Data extract |
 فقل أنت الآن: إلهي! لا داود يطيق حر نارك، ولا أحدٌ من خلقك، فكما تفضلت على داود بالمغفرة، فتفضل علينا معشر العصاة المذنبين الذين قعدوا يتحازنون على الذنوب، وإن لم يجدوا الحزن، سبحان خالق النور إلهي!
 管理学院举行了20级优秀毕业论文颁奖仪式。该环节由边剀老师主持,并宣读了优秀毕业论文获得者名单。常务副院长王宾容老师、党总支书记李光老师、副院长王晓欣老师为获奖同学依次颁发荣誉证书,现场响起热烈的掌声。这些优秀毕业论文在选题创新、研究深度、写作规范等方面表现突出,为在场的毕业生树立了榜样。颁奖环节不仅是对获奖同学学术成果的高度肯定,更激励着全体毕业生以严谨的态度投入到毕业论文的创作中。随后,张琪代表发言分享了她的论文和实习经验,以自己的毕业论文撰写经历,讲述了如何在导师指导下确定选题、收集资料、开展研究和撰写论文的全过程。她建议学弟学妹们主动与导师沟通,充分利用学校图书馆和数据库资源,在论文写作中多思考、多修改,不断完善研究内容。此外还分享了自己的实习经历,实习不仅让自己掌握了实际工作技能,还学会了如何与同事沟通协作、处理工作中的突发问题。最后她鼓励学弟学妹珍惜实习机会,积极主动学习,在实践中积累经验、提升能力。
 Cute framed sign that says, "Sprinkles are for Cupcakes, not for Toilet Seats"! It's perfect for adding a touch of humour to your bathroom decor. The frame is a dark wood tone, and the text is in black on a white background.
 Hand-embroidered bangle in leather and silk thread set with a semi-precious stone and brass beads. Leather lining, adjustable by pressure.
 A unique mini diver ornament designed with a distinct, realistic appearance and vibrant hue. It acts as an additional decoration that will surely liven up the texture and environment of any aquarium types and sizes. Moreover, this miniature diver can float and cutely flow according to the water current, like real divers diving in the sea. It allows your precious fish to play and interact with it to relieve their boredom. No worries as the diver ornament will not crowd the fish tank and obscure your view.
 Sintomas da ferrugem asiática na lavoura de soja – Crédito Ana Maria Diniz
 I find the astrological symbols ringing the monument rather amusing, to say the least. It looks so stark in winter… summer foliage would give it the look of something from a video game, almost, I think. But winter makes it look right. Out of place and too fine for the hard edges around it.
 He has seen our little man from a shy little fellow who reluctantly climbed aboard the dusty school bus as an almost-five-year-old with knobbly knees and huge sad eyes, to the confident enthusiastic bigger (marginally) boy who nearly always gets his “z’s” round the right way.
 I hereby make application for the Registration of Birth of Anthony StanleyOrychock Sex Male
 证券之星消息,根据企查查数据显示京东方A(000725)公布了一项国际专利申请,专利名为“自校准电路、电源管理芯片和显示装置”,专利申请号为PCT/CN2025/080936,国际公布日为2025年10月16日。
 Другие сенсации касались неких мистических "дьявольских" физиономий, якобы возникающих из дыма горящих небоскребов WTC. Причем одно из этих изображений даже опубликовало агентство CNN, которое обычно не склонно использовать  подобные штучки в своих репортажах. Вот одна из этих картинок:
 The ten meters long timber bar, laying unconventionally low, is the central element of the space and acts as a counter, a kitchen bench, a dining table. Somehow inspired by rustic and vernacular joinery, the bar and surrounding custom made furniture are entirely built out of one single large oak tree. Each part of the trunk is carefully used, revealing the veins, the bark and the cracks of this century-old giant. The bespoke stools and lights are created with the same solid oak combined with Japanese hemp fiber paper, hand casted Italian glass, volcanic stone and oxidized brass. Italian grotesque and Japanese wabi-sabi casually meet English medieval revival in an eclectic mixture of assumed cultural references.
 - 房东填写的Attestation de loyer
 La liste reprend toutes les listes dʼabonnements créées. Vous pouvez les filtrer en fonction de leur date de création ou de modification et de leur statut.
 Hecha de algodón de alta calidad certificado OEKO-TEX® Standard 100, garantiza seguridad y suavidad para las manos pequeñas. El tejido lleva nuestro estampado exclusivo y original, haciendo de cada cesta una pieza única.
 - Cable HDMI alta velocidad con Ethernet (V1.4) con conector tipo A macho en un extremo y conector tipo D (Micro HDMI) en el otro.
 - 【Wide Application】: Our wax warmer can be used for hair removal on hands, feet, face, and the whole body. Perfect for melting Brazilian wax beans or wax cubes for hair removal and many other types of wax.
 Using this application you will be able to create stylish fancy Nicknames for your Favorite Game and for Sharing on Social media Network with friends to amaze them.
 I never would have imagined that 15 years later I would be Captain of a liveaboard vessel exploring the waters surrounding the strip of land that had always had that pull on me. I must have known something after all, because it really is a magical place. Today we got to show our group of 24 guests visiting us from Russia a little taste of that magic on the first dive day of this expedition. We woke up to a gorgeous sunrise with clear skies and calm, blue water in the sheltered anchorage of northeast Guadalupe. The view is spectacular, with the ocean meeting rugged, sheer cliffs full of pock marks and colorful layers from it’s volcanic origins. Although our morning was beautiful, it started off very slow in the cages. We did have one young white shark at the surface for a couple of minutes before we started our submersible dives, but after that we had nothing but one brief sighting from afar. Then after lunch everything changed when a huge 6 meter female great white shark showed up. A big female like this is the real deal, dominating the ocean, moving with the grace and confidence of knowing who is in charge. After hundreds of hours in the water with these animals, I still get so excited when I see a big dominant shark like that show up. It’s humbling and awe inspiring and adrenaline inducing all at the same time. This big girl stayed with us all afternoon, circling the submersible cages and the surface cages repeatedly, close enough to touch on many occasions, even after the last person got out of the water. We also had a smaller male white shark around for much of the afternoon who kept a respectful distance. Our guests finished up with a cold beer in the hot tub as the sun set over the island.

Exercise description | Write out all the material exactly.

Answer for the task |
 فقل أنت الآن: إلهي! لا داود يطيق حر نارك، ولا أحدٌ من خلقك، فكما تفضلت على داود بالمغفرة، فتفضل علينا معشر العصاة المذنبين الذين قعدوا يتحازنون على الذنوب، وإن لم يجدوا الحزن، سبحان خالق النور إلهي!
 管理学院举行了20级优秀毕业论文颁奖仪式。该环节由边剀老师主持,并宣读了优秀毕业论文获得者名单。常务副院长王宾容老师、党总支书记李光老师、副院长王晓欣老师为获奖同学依次颁发荣誉证书,现场响起热烈的掌声。这些优秀毕业论文在选题创新、研究深度、写作规范等方面表现突出,为在场的毕业生树立了榜样。颁奖环节不仅是对获奖同学学术成果的高度肯定,更激励着全体毕业生以严谨的态度投入到毕业论文的创作中。随后,张琪代表发言分享了她的论文和实习经验,以自己的毕业论文撰写经历,讲述了如何在导师指导下确定选题、收集资料、开展研究和撰写论文的全过程。她建议学弟学妹们主动与导师沟通,充分利用学校图书馆和数据库资源,在论文写作中多思考、多修改,不断完善研究内容。此外还分享了自己的实习经历,实习不仅让自己掌握了实际工作技能,还学会了如何与同事沟通协作、处理工作中的突发问题。最后她鼓励学弟学妹珍惜实习机会,积极主动学习,在实践中积累经验、提升能力。
 Cute framed sign that says, "Sprinkles are for Cupcakes, not for Toilet Seats"! It's perfect for adding a touch of humour to your bathroom decor. The frame is a dark wood tone, and the text is in black on a white background.
 Hand-embroidered bangle in leather and silk thread set with a semi-precious stone and brass beads. Leather lining, adjustable by pressure.
 A unique mini diver ornament designed with a distinct, realistic appearance and vibrant hue. It acts as an additional decoration that will surely liven up the texture and environment of any aquarium types and sizes. Moreover, this miniature diver can float and cutely flow according to the water current, like real divers diving in the sea. It allows your precious fish to play and interact with it to relieve their boredom. No worries as the diver ornament will not crowd the fish tank and obscure your view.
 Sintomas da ferrugem asiática na lavoura de soja – Crédito Ana Maria Diniz
 I find the astrological symbols ringing the monument rather amusing, to say the least. It looks so stark in winter… summer foliage would give it the look of something from a video game, almost, I think. But winter makes it look right. Out of place and too fine for the hard edges around it.
 He has seen our little man from a shy little fellow who reluctantly climbed aboard the dusty school bus as an almost-five-year-old with knobbly knees and huge sad eyes, to the confident enthusiastic bigger (marginally) boy who nearly always gets his “z’s” round the right way.
 I hereby make application for the Registration of Birth of Anthony StanleyOrychock Sex Male
 证券之星消息,根据企查查数据显示京东方A(000725)公布了一项国际专利申请,专利名为“自校准电路、电源管理芯片和显示装置”,专利申请号为PCT/CN2025/080936,国际公布日为2025年10月16日。
 Другие сенсации касались неких мистических "дьявольских" физиономий, якобы возникающих из дыма горящих небоскребов WTC. Причем одно из этих изображений даже опубликовало агентство CNN, которое обычно не склонно использовать  подобные штучки в своих репортажах. Вот одна из этих картинок:
 The ten meters long timber bar, laying unconventionally low, is the central element of the space and acts as a counter, a kitchen bench, a dining table. Somehow inspired by rustic and vernacular joinery, the bar and surrounding custom made furniture are entirely built out of one single large oak tree. Each part of the trunk is carefully used, revealing the veins, the bark and the cracks of this century-old giant. The bespoke stools and lights are created with the same solid oak combined with Japanese hemp fiber paper, hand casted Italian glass, volcanic stone and oxidized brass. Italian grotesque and Japanese wabi-sabi casually meet English medieval revival in an eclectic mixture of assumed cultural references.
 - 房东填写的Attestation de loyer
 La liste reprend toutes les listes dʼabonnements créées. Vous pouvez les filtrer en fonction de leur date de création ou de modification et de leur statut.
 Hecha de algodón de alta calidad certificado OEKO-TEX® Standard 100, garantiza seguridad y suavidad para las manos pequeñas. El tejido lleva nuestro estampado exclusivo y original, haciendo de cada cesta una pieza única.
 - Cable HDMI alta velocidad con Ethernet (V1.4) con conector tipo A macho en un extremo y conector tipo D (Micro HDMI) en el otro.
 - 【Wide Application】: Our wax warmer can be used for hair removal on hands, feet, face, and the whole body. Perfect for melting Brazilian wax beans or wax cubes for hair removal and many other types of wax.
 Using this application you will be able to create stylish fancy Nicknames for your Favorite Game and for Sharing on Social media Network with friends to amaze them.
 I never would have imagined that 15 years later I would be Captain of a liveaboard vessel exploring the waters surrounding the strip of land that had always had that pull on me. I must have known something after all, because it really is a magical place. Today we got to show our group of 24 guests visiting us from Russia a little taste of that magic on the first dive day of this expedition. We woke up to a gorgeous sunrise with clear skies and calm, blue water in the sheltered anchorage of northeast Guadalupe. The view is spectacular, with the ocean meeting rugged, sheer cliffs full of pock marks and colorful layers from it’s volcanic origins. Although our morning was beautiful, it started off very slow in the cages. We did have one young white shark at the surface for a couple of minutes before we started our submersible dives, but after that we had nothing but one brief sighting from afar. Then after lunch everything changed when a huge 6 meter female great white shark showed up. A big female like this is the real deal, dominating the ocean, moving with the grace and confidence of knowing who is in charge. After hundreds of hours in the water with these animals, I still get so excited when I see a big dominant shark like that show up. It’s humbling and awe inspiring and adrenaline inducing all at the same time. This big girl stayed with us all afternoon, circling the submersible cages and the surface cages repeatedly, close enough to touch on many occasions, even after the last person got out of the water. We also had a smaller male white shark around for much of the afternoon who kept a respectful distance. Our guests finished up with a cold beer in the hot tub as the sun set over the island.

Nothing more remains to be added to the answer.